Patients with SMA lack a protein called "motor neuron survival factor" (SMN), which is essential for the survival and normal functioning of motor neurons (nerve cells in the spinal cord that control muscle movements). The SMN protein is produced by two genes, SMN1 and SMN2. Patients with SMA do not have the SMN1 gene but have the SMN2 gene which mostly produces a short SMN protein that does not work as well as a full length protein.
Spinraza is an antisense synthetic oligonucleotide (a type of genetic material) that allows the SMN2 gene to produce the full-length protein that can function normally. This replaces the missing protein, thus alleviating the symptoms of the disease.
What benefit has Spinraza - Nusinersen shown during the studies?
A main study involving 121 newborns (average age 7 months) with SMA showed that Spinraza is effective in improving movement when compared with placebo (a dummy injection).
After a year of treatment, in 51% of newborns who were given Spinraza (37 out of 73), progress was made in developing head control, rolling, sitting, crawling, standing up and walking while not No similar progress was observed in the newborns who received placebo. Furthermore, most newborns treated with Spinraza survived longer and required assisted breathing later than those who received placebo.
Another study is underway to evaluate the efficacy of Spinraza in children with less severe SMA and diagnosed at a later stage (average age 3 years). The interim analysis showed results consistent with those of newborns in whom the disease had an earlier onset.
What are the risks associated with Spinraza - Nusinersen?
The most common side effects with Spinraza (which may affect more than 1 in 10 people) are headache and back pain; however, in newborns these side effects could not be assessed as they were unable to communicate them. These side effects are thought to be caused by injections into the spine made to administer the medicine.

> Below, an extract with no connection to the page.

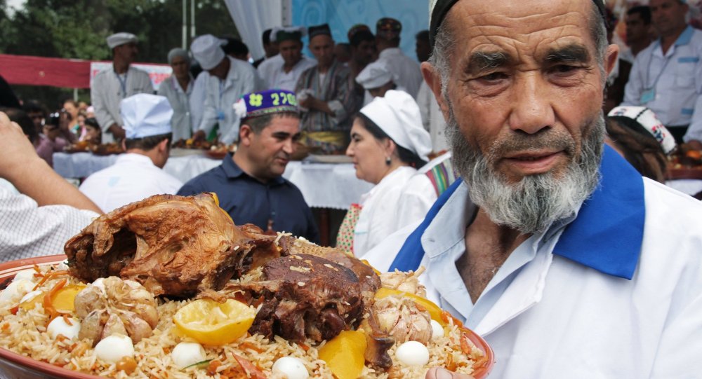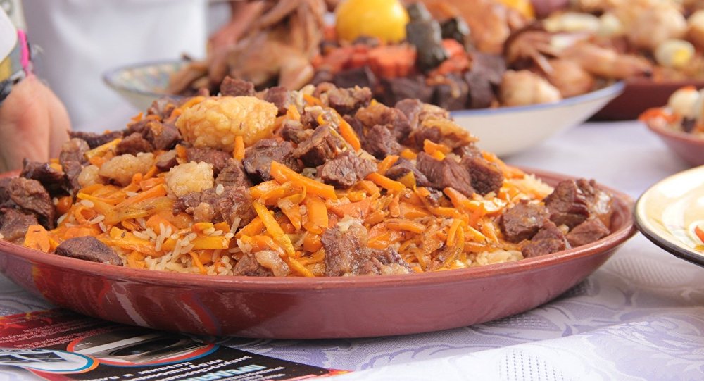 Палавро дар табақи гирди калон мебардорем ва болояшро бо гўшт, қаламфур ва сирпиёз оро медиҳему рўи миз мегузорем. Иштиҳои том!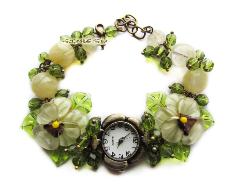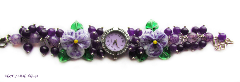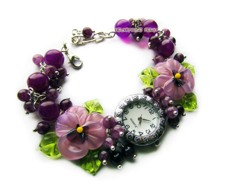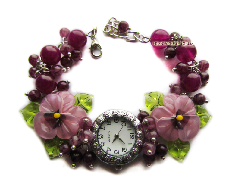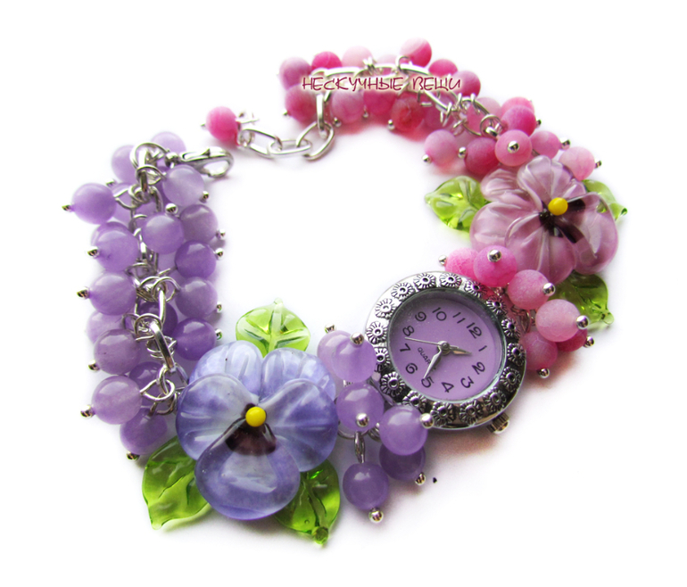 часы, часики, наручные часы, наручные часы в подарок, часы-браслет, браслет с часами, часы с браслетом, часы с цветами, авторский лэмпворк, lampwork (лэмпворк), lampwork, анютины глазки, анютки, стеклянные цветы, подарок девушке, подарок женщине, фиалки, розовый, розовые часы, сиреневый

For the full list of all side effects and restrictions with Spinraza, see the package leaflet.
Why has Spinraza - Nusinersen been approved?
In its assessment, the Committee for Medicinal Products for Human Use (CHMP) recognized the serious nature of the disease and the urgent need for effective treatments.

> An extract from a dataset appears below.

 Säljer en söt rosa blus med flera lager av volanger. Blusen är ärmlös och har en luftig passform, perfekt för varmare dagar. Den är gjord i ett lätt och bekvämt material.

Spinraza has been shown to result in clinically significant improvements in young children with disease in different degrees of severity. Although the medicine has not been tested in patients with the most severe and mildest forms of SMA, it is expected to provide similar benefits to these patients.
The side effects have been considered as manageable, as most of them are related to the route of administration of the medicine.
Therefore, the CHMP decided that Spinraza's benefits are greater than its risks and recommended that it be approved for use in the EU.
What measures are being taken to ensure the safe and effective use of Spinraza - Nusinersen?
The company that markets Spinraza will complete ongoing studies on the long-term safety and efficacy of the medicine in patients who present with the symptoms of SMA and in patients who still have no symptoms.
Recommendations and precautions to be followed by healthcare professionals and patients for the safe and effective use of Spinraza have also been included in the summary of product characteristics and the package leaflet.
More information on Spinraza - Nusinersen
For the full EPAR version of Spinraza, consult the Agency's website: ema.europa.eu/Find medicine / Human medicines / European public assessment reports. For more information about treatment with Spinraza, read the package leaflet (also part of the EPAR) or contact your doctor or pharmacist.
The summary of the opinion of the Committee for Orphan Medicinal Products related to Spinraza is available on the Agency's website: ema.europa.eu/Find medicine / Human medicines / Rare disease designation.